One intriguing example is Alipay’s free health insurance service. Offered in partnership with China-incorporated life insurance company Taikang, the service allows users aged below 60 to accumulate free insurance coverage by performing payments with their Alipay Wallet.

This partnership has proven wildly successful, with 13 million Alipay users opting in for coverage in the first 20 days after launch. In a new age of insurance, such partnerships can conceivably be leveraged to spot consumers’ changing purchasing patterns – for instance, purchases for a new home – and offer policies personalised to their needs.

With new data sources comes a pressing need to ensure responsible AI.

Only 35% of global consumers today trust organisations’ use of AI, making it essential for insurers to build trust among customers. Transparent communication, strict compliance with data privacy guidelines, and participation in AI governance initiatives like the Monetary Authority of Singapore’s Veritas consortium, must be the way forward for insurers.

“To build trust, we must balance the value we can give customers for their data with the assurance that the correct standards and security protocols are followed,” says Kaushal.

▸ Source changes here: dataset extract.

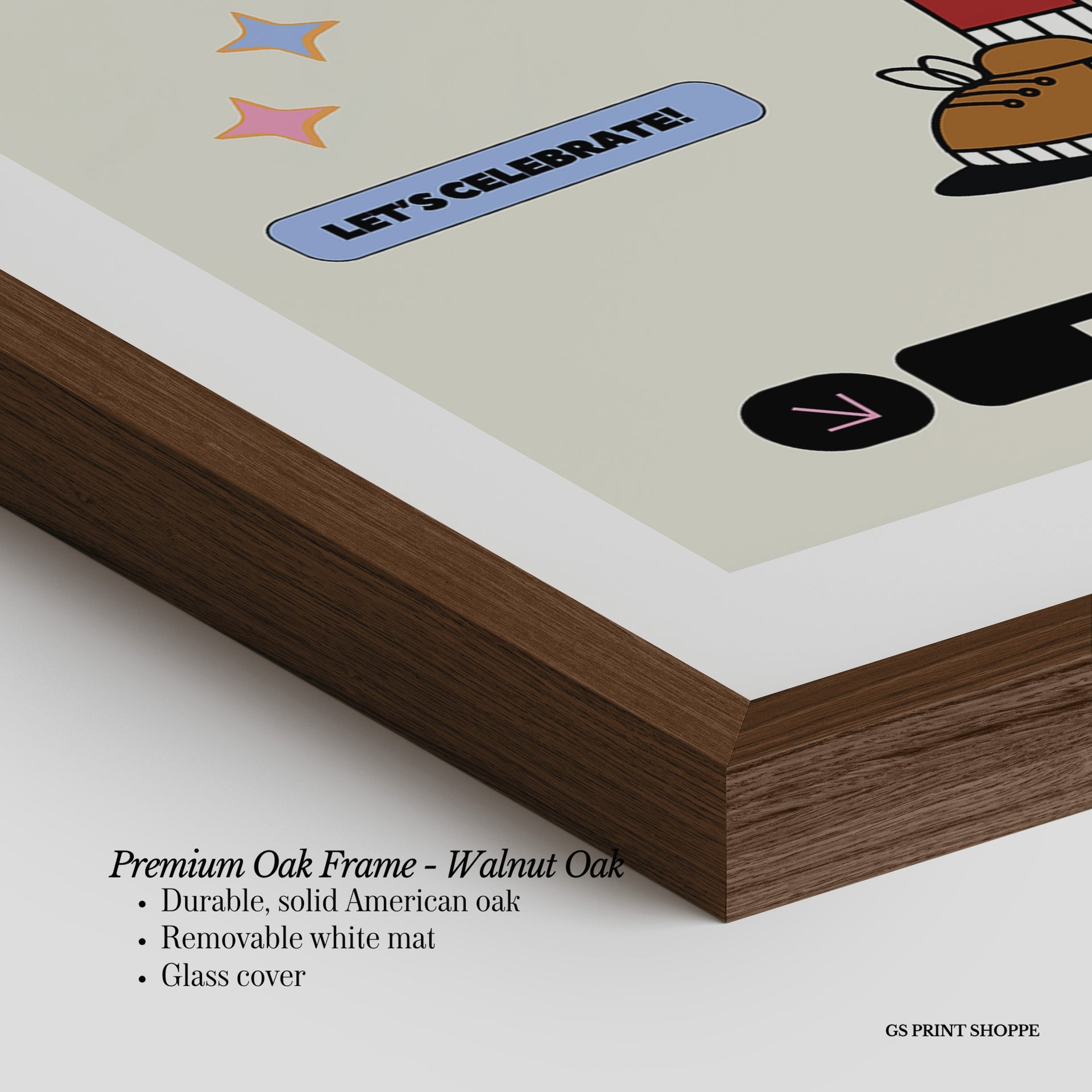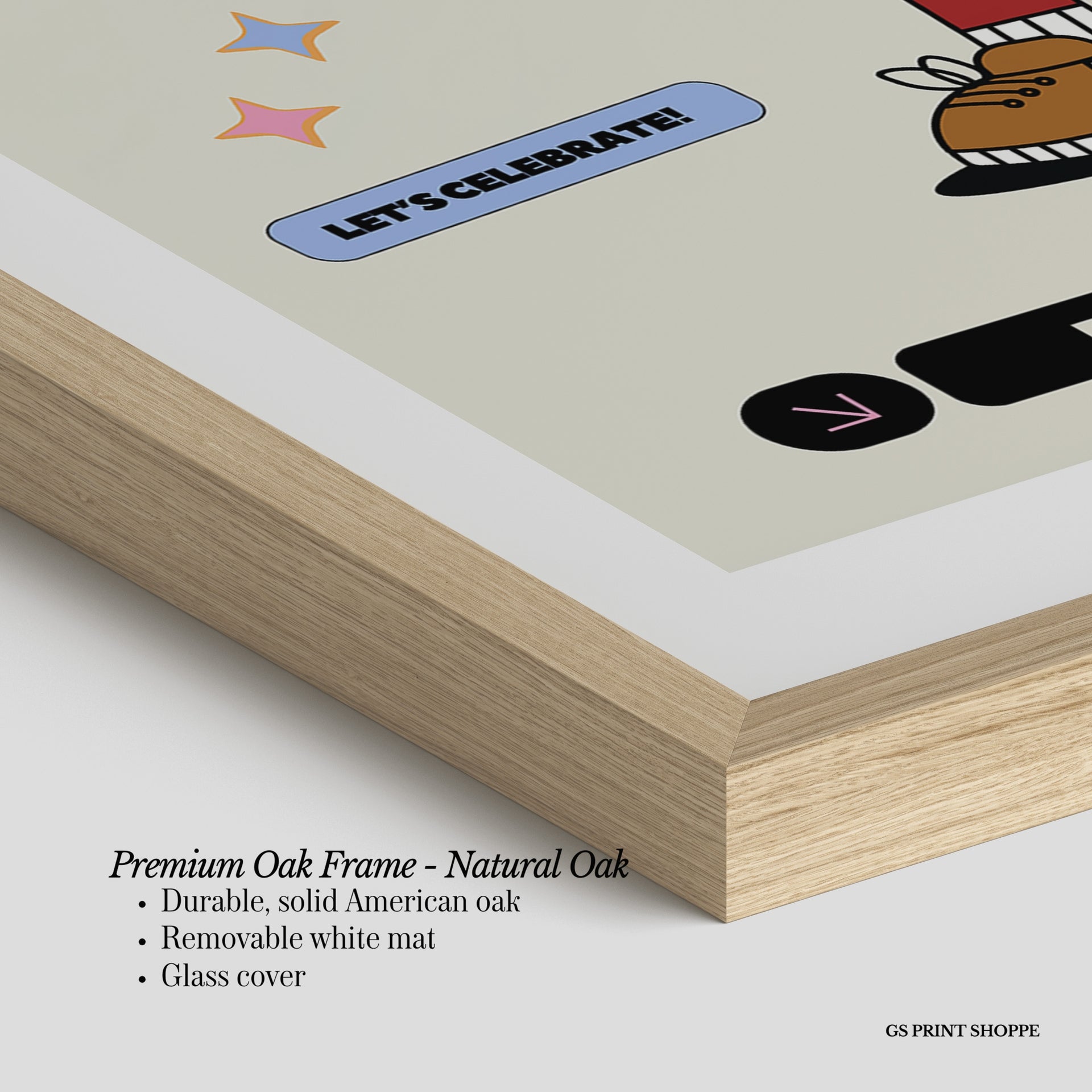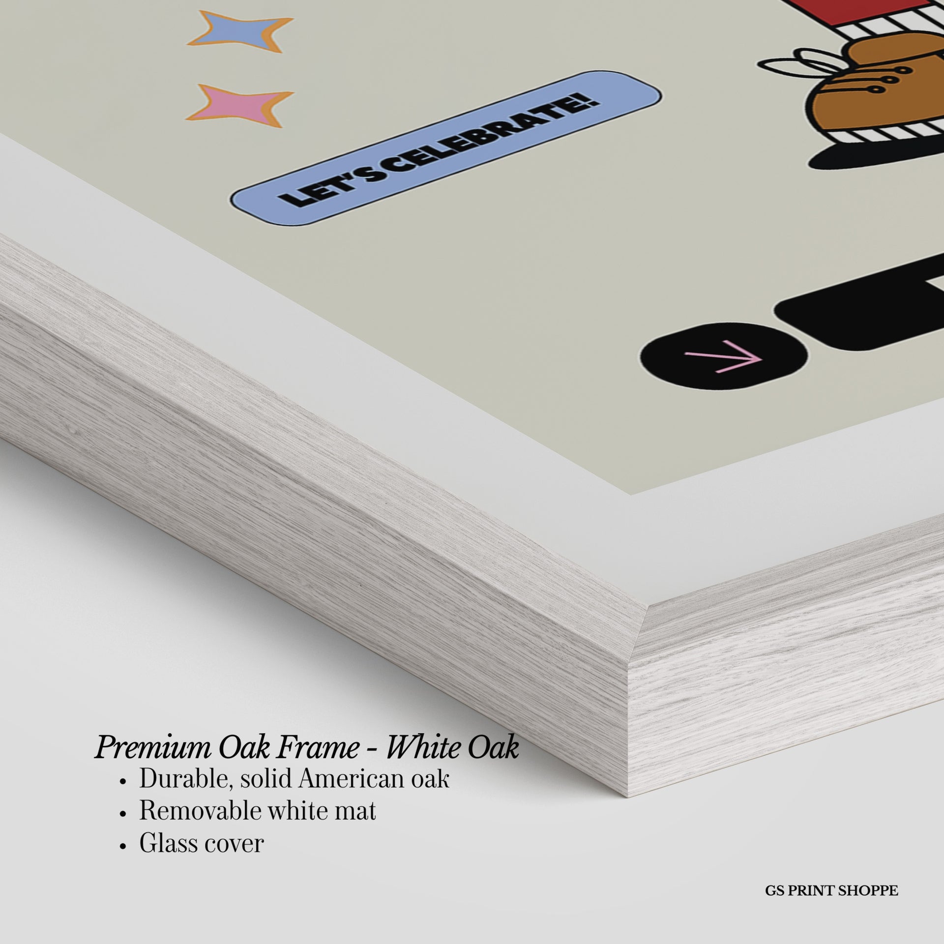 Premium Oak Frame: Our premium oak frame is crafted from solid American oak, offering a warm, natural feel with a high-end finish. We complete this elevated offering with a bright white removable mat and real glass for a versatile and polished look.

Insurers – a trusted life-partner in a pre-emptive, automated landscape

Will automation and AI make the human touch obsolete? Not at all. Though insurance is traditionally a low-touch business, insurers must continue to engage with their customers to secure strong customer loyalty. This engagement can come through exceptional customer service as well as a strong brand identity.

Even as end-to-end automation of insurance processes becomes possible, the value of the human agent cannot be overlooked. 49% of insurance customers would trust a human advisor when making claims, whereas just 7% would trust a chatbot. The agent of the future must be ready to deliver thoughtful customer support at such crucial moments – drawing on AI-enabled insights to personalise their service.

To stand out in an increasingly competitive landscape, companies will also need to harness the power of brand-building. An authentic brand purpose gives a sense of meaning to insurance products – enhancing the ultimate goal of adding value to customers’ experiences.